### What you have to do
Line by line, transcribe all of the entries exactly.

[Entries taken from a collection]
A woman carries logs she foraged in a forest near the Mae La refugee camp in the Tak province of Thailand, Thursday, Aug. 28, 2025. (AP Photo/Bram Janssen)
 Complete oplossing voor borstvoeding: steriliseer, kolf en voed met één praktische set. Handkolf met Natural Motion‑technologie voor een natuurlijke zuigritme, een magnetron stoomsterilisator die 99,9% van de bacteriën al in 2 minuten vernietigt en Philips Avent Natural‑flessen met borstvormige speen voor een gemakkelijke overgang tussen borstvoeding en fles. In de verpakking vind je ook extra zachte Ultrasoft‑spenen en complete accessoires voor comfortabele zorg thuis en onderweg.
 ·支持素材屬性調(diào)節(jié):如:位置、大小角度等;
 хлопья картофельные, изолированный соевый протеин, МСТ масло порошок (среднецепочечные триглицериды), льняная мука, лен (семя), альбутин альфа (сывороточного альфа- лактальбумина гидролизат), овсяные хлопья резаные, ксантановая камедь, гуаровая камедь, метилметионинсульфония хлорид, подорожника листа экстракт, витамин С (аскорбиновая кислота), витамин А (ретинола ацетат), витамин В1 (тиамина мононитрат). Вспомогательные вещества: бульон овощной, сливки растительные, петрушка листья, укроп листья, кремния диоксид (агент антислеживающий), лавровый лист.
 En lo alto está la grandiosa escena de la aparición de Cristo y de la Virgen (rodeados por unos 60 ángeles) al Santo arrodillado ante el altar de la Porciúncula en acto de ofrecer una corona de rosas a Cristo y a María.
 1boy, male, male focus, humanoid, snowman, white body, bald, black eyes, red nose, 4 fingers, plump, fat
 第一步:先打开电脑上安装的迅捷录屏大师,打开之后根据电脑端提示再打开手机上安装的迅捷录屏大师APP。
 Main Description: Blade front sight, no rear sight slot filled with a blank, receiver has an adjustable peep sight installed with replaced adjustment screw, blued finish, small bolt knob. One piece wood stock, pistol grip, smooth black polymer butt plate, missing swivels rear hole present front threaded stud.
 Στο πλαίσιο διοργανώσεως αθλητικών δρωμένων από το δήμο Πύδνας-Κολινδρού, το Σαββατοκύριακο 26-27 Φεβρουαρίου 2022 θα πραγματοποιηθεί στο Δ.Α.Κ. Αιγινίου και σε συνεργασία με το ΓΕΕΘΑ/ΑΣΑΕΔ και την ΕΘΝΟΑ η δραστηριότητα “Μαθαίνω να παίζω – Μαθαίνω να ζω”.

### Result
A woman carries logs she foraged in a forest near the Mae La refugee camp in the Tak province of Thailand, Thursday, Aug. 28, 2025. (AP Photo/Bram Janssen)
 Complete oplossing voor borstvoeding: steriliseer, kolf en voed met één praktische set. Handkolf met Natural Motion‑technologie voor een natuurlijke zuigritme, een magnetron stoomsterilisator die 99,9% van de bacteriën al in 2 minuten vernietigt en Philips Avent Natural‑flessen met borstvormige speen voor een gemakkelijke overgang tussen borstvoeding en fles. In de verpakking vind je ook extra zachte Ultrasoft‑spenen en complete accessoires voor comfortabele zorg thuis en onderweg.
 ·支持素材屬性調(diào)節(jié):如:位置、大小角度等;
 хлопья картофельные, изолированный соевый протеин, МСТ масло порошок (среднецепочечные триглицериды), льняная мука, лен (семя), альбутин альфа (сывороточного альфа- лактальбумина гидролизат), овсяные хлопья резаные, ксантановая камедь, гуаровая камедь, метилметионинсульфония хлорид, подорожника листа экстракт, витамин С (аскорбиновая кислота), витамин А (ретинола ацетат), витамин В1 (тиамина мононитрат). Вспомогательные вещества: бульон овощной, сливки растительные, петрушка листья, укроп листья, кремния диоксид (агент антислеживающий), лавровый лист.
 En lo alto está la grandiosa escena de la aparición de Cristo y de la Virgen (rodeados por unos 60 ángeles) al Santo arrodillado ante el altar de la Porciúncula en acto de ofrecer una corona de rosas a Cristo y a María.
 1boy, male, male focus, humanoid, snowman, white body, bald, black eyes, red nose, 4 fingers, plump, fat
 第一步:先打开电脑上安装的迅捷录屏大师,打开之后根据电脑端提示再打开手机上安装的迅捷录屏大师APP。
 Main Description: Blade front sight, no rear sight slot filled with a blank, receiver has an adjustable peep sight installed with replaced adjustment screw, blued finish, small bolt knob. One piece wood stock, pistol grip, smooth black polymer butt plate, missing swivels rear hole present front threaded stud.
 Στο πλαίσιο διοργανώσεως αθλητικών δρωμένων από το δήμο Πύδνας-Κολινδρού, το Σαββατοκύριακο 26-27 Φεβρουαρίου 2022 θα πραγματοποιηθεί στο Δ.Α.Κ. Αιγινίου και σε συνεργασία με το ΓΕΕΘΑ/ΑΣΑΕΔ και την ΕΘΝΟΑ η δραστηριότητα “Μαθαίνω να παίζω – Μαθαίνω να ζω”.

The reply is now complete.